_Task description:_ Pictures must not appear; the answer is exactly the lines from the one that holds "专家深入浅出地讲解了心肺复苏" through the end of the material.

_Data below:_
━━━━━━━━━━
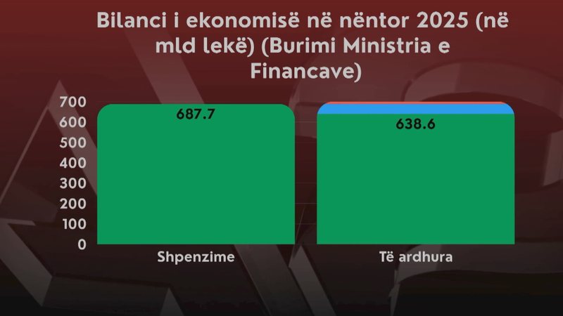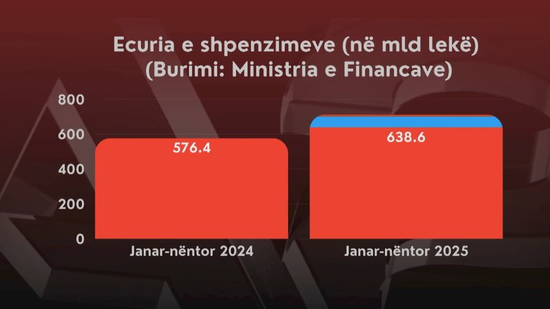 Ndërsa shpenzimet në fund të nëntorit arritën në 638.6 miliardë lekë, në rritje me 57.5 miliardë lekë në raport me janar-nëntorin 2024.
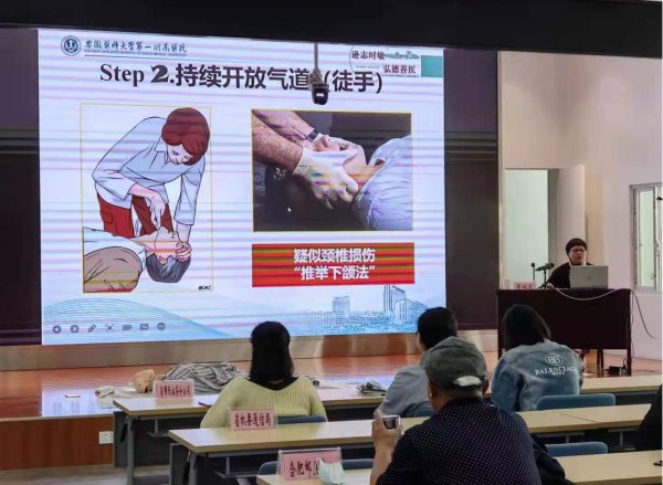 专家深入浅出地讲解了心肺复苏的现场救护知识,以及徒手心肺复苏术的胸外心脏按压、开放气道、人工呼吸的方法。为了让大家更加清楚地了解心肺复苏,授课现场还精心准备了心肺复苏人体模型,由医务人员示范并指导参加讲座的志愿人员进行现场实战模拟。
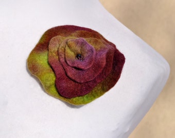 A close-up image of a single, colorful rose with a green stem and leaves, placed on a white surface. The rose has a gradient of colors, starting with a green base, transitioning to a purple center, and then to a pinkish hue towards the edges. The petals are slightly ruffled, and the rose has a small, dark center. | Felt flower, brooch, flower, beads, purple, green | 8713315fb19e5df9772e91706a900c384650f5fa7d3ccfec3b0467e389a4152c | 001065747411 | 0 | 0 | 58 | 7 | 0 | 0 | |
━━━━━━━━━━
_Result below:_
 专家深入浅出地讲解了心肺复苏的现场救护知识,以及徒手心肺复苏术的胸外心脏按压、开放气道、人工呼吸的方法。为了让大家更加清楚地了解心肺复苏,授课现场还精心准备了心肺复苏人体模型,由医务人员示范并指导参加讲座的志愿人员进行现场实战模拟。
 A close-up image of a single, colorful rose with a green stem and leaves, placed on a white surface. The rose has a gradient of colors, starting with a green base, transitioning to a purple center, and then to a pinkish hue towards the edges. The petals are slightly ruffled, and the rose has a small, dark center. | Felt flower, brooch, flower, beads, purple, green | 8713315fb19e5df9772e91706a900c384650f5fa7d3ccfec3b0467e389a4152c | 001065747411 | 0 | 0 | 58 | 7 | 0 | 0 | |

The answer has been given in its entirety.